++++ SUPPLIED RECORDS
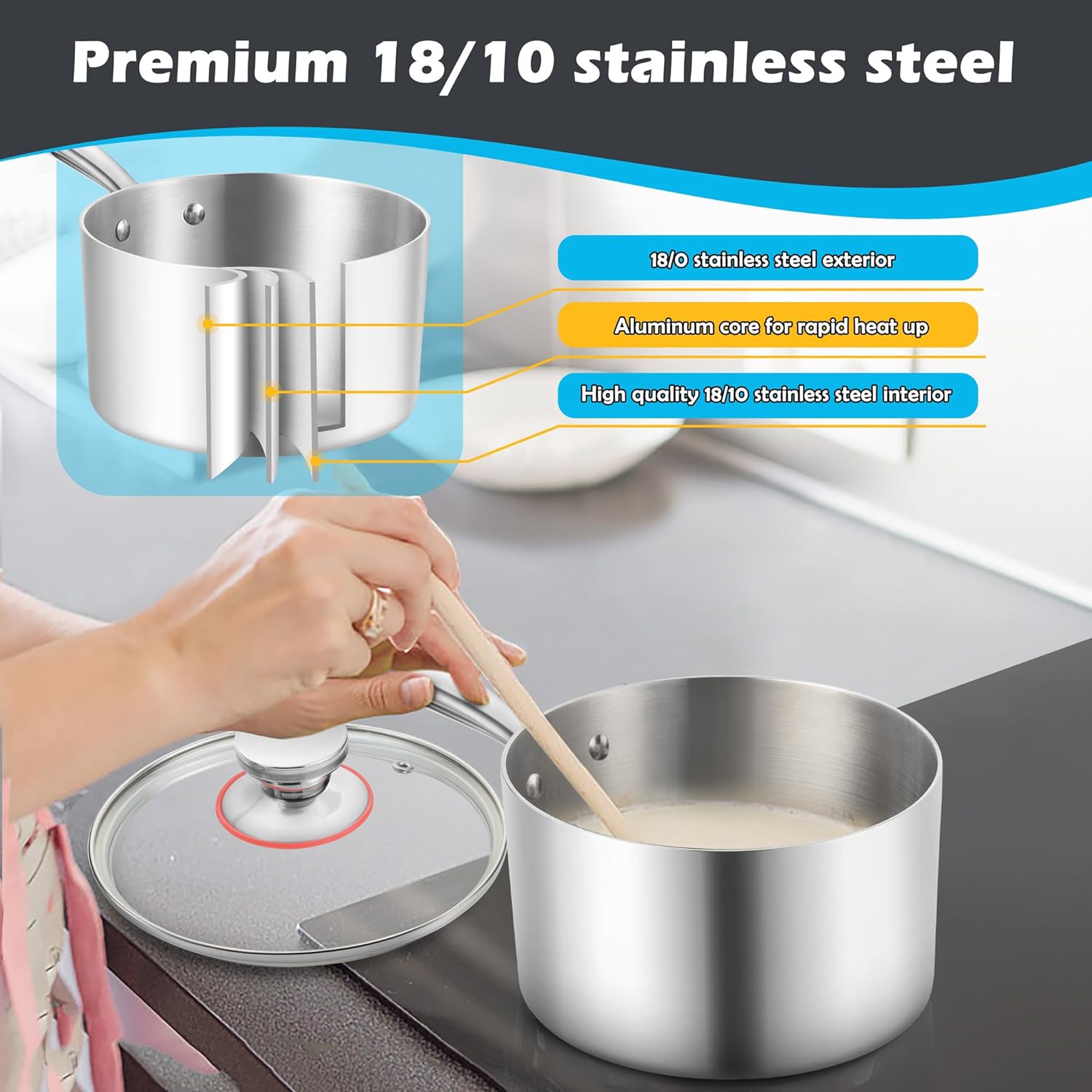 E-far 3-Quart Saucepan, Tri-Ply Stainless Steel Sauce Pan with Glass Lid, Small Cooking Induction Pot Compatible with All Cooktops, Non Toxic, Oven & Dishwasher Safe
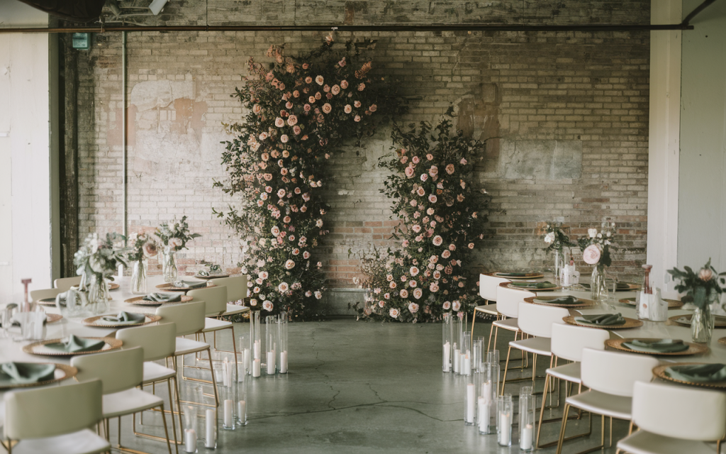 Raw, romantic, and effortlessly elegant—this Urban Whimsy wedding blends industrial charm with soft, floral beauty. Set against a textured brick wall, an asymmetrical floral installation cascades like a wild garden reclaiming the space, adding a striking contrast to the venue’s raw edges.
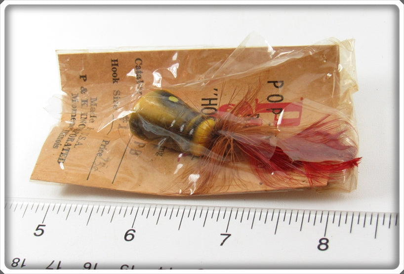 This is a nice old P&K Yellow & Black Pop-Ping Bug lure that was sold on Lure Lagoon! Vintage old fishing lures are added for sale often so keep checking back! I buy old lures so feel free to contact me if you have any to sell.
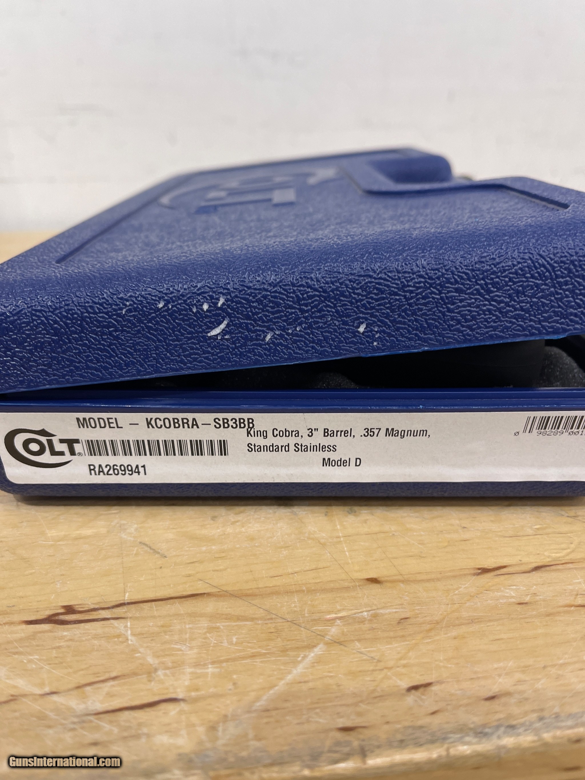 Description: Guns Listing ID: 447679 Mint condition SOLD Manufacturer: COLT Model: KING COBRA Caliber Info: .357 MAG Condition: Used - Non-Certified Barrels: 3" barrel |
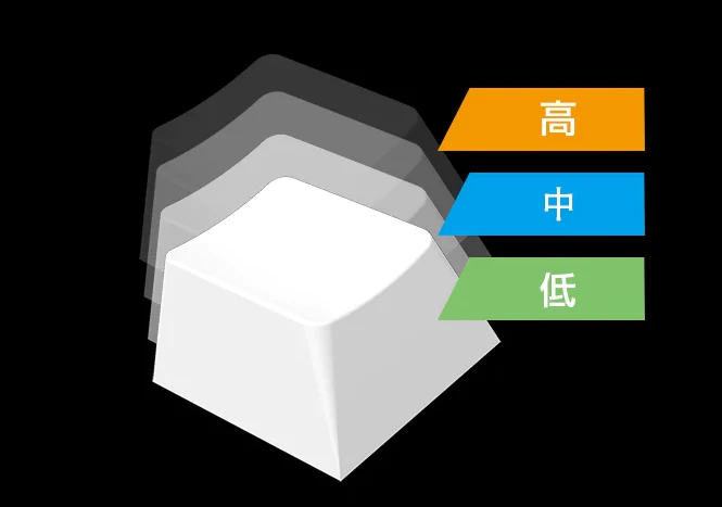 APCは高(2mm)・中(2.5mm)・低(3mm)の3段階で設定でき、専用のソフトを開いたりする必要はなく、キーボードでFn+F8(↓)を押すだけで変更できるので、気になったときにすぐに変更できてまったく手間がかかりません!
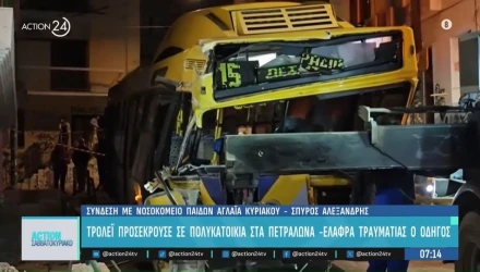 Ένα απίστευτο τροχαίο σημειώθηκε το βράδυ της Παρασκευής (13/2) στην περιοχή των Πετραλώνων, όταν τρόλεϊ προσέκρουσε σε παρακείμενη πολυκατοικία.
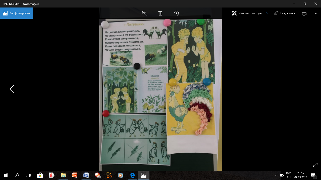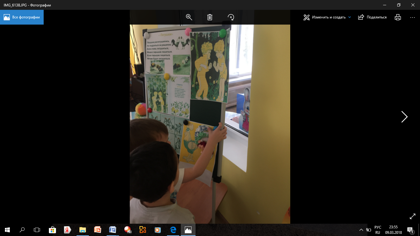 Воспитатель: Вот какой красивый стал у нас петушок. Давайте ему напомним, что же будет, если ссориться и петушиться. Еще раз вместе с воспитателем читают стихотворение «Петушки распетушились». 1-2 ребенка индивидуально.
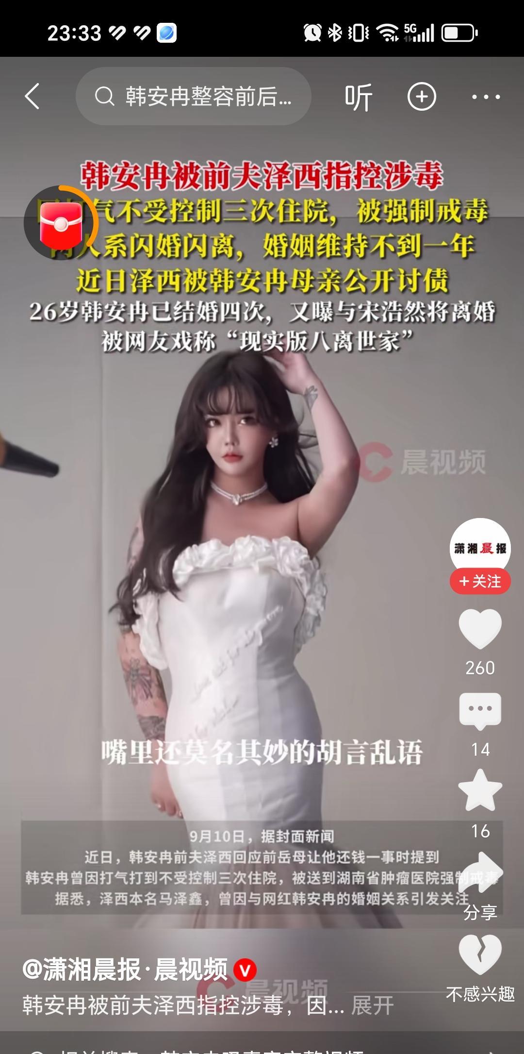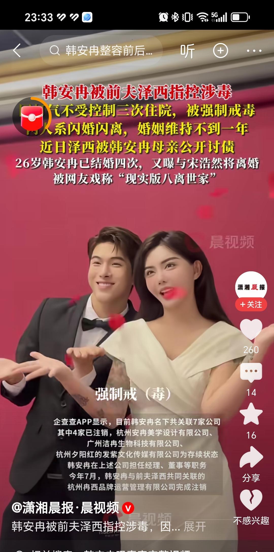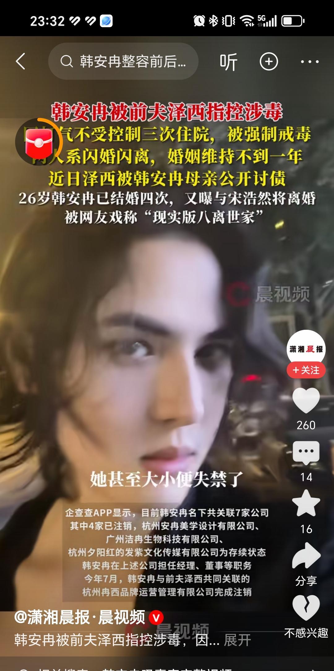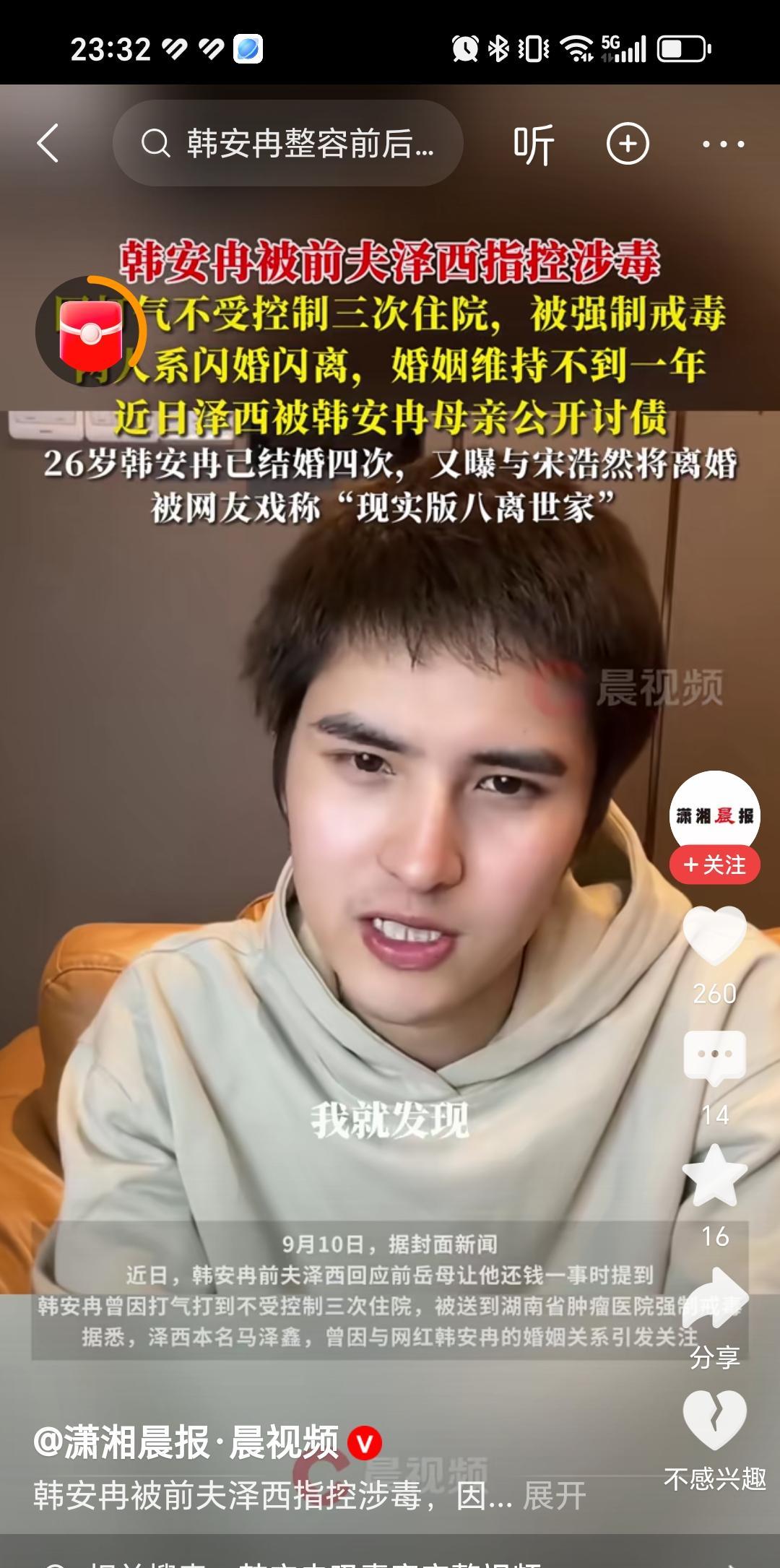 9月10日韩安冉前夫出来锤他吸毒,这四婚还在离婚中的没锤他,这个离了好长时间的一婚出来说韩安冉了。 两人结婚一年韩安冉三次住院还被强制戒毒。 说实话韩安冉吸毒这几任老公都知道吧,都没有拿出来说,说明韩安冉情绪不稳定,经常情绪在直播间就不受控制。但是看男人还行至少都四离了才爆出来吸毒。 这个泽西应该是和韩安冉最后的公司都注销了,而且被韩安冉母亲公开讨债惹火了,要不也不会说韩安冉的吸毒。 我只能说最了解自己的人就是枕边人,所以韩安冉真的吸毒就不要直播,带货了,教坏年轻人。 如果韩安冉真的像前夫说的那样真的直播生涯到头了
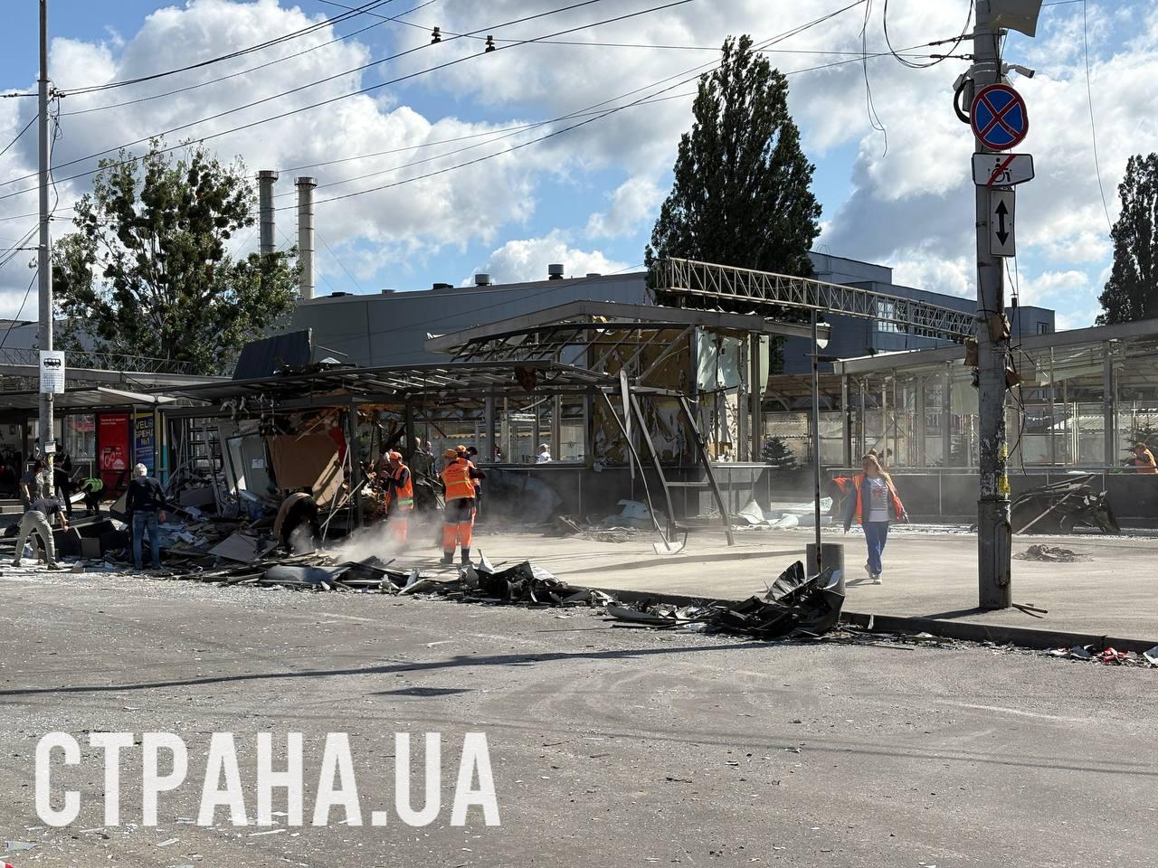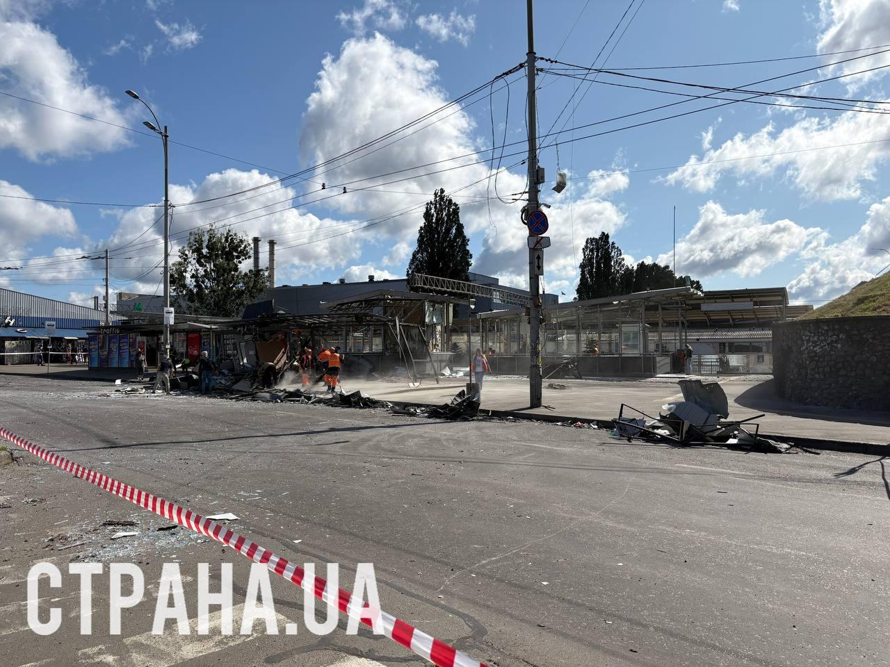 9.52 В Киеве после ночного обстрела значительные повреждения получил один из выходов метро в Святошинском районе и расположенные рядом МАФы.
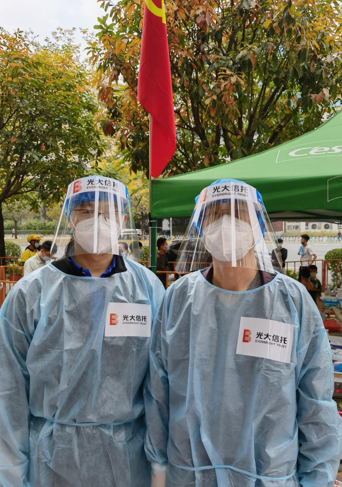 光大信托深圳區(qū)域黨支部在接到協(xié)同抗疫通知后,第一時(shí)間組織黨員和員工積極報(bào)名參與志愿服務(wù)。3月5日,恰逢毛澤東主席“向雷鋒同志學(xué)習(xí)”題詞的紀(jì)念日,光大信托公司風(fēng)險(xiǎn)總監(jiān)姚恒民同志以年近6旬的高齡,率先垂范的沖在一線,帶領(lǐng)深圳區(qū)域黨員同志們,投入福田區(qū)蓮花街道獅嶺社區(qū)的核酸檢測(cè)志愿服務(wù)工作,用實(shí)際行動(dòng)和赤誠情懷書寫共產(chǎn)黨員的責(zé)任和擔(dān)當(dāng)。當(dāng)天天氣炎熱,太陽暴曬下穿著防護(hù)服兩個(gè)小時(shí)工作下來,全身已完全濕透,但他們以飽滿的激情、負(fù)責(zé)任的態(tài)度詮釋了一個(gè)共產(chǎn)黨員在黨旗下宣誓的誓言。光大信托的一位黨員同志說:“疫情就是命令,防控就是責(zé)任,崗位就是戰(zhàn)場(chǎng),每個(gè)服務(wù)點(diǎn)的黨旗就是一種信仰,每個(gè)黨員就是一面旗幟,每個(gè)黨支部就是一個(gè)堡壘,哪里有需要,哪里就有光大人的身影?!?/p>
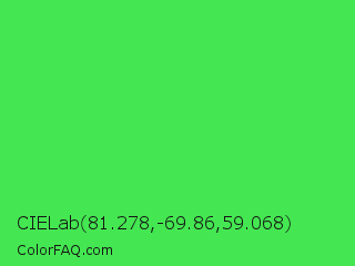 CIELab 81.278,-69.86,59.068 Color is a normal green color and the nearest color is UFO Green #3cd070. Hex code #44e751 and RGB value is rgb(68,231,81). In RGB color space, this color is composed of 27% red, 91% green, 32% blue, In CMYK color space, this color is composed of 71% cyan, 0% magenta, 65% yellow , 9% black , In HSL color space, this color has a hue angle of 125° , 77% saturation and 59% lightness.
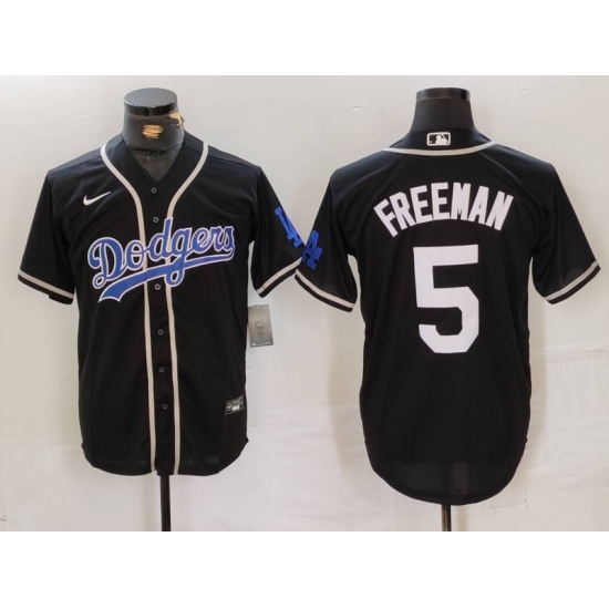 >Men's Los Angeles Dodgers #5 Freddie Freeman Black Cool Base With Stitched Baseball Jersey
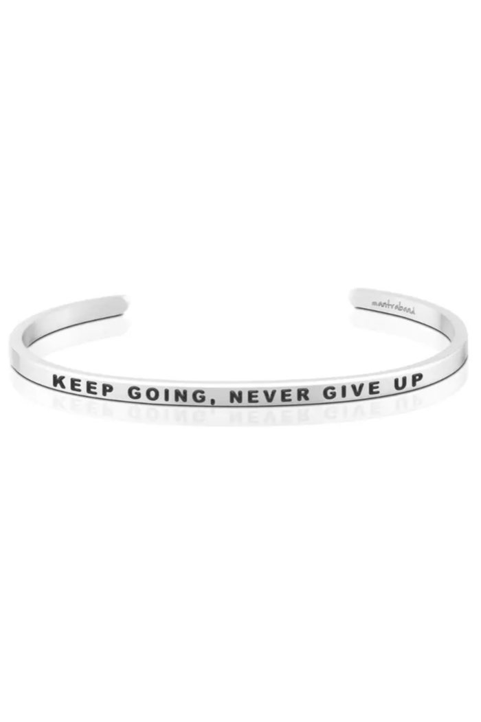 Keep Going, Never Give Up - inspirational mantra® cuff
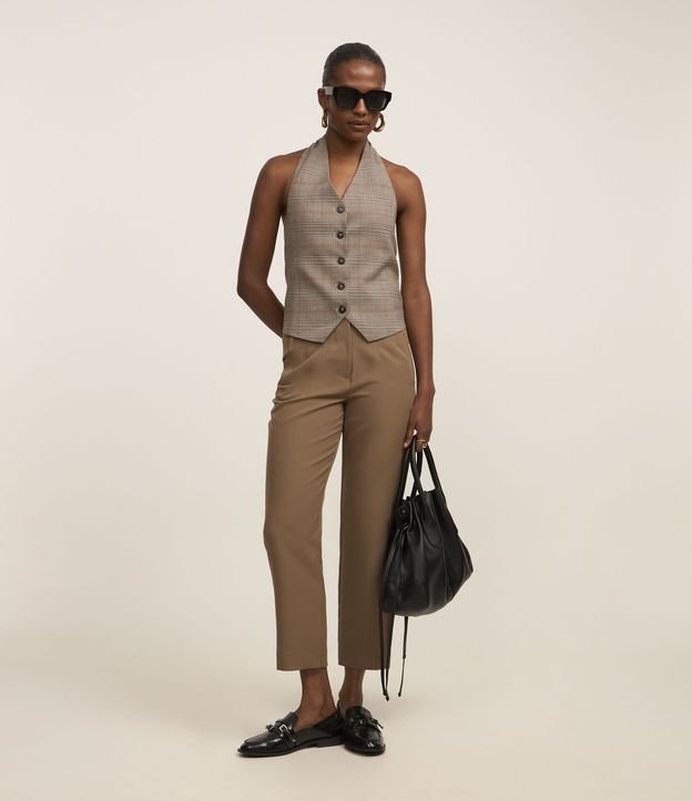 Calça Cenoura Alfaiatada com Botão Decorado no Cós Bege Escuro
++++++++
**ABOUT THIS EXERCISE:** Both the line containing "Ένα απίστευτο τροχαίο" and the line containing "光大信托深圳區(qū)域黨支" above belong in the output, as do the lines between them. Print them exactly, without pictures.

**RESPONSE AREA:**
 Ένα απίστευτο τροχαίο σημειώθηκε το βράδυ της Παρασκευής (13/2) στην περιοχή των Πετραλώνων, όταν τρόλεϊ προσέκρουσε σε παρακείμενη πολυκατοικία.
 Воспитатель: Вот какой красивый стал у нас петушок. Давайте ему напомним, что же будет, если ссориться и петушиться. Еще раз вместе с воспитателем читают стихотворение «Петушки распетушились». 1-2 ребенка индивидуально.
 9月10日韩安冉前夫出来锤他吸毒,这四婚还在离婚中的没锤他,这个离了好长时间的一婚出来说韩安冉了。 两人结婚一年韩安冉三次住院还被强制戒毒。 说实话韩安冉吸毒这几任老公都知道吧,都没有拿出来说,说明韩安冉情绪不稳定,经常情绪在直播间就不受控制。但是看男人还行至少都四离了才爆出来吸毒。 这个泽西应该是和韩安冉最后的公司都注销了,而且被韩安冉母亲公开讨债惹火了,要不也不会说韩安冉的吸毒。 我只能说最了解自己的人就是枕边人,所以韩安冉真的吸毒就不要直播,带货了,教坏年轻人。 如果韩安冉真的像前夫说的那样真的直播生涯到头了
 9.52 В Киеве после ночного обстрела значительные повреждения получил один из выходов метро в Святошинском районе и расположенные рядом МАФы.
 光大信托深圳區(qū)域黨支部在接到協(xié)同抗疫通知后,第一時(shí)間組織黨員和員工積極報(bào)名參與志愿服務(wù)。3月5日,恰逢毛澤東主席“向雷鋒同志學(xué)習(xí)”題詞的紀(jì)念日,光大信托公司風(fēng)險(xiǎn)總監(jiān)姚恒民同志以年近6旬的高齡,率先垂范的沖在一線,帶領(lǐng)深圳區(qū)域黨員同志們,投入福田區(qū)蓮花街道獅嶺社區(qū)的核酸檢測(cè)志愿服務(wù)工作,用實(shí)際行動(dòng)和赤誠情懷書寫共產(chǎn)黨員的責(zé)任和擔(dān)當(dāng)。當(dāng)天天氣炎熱,太陽暴曬下穿著防護(hù)服兩個(gè)小時(shí)工作下來,全身已完全濕透,但他們以飽滿的激情、負(fù)責(zé)任的態(tài)度詮釋了一個(gè)共產(chǎn)黨員在黨旗下宣誓的誓言。光大信托的一位黨員同志說:“疫情就是命令,防控就是責(zé)任,崗位就是戰(zhàn)場(chǎng),每個(gè)服務(wù)點(diǎn)的黨旗就是一種信仰,每個(gè)黨員就是一面旗幟,每個(gè)黨支部就是一個(gè)堡壘,哪里有需要,哪里就有光大人的身影?!?/p>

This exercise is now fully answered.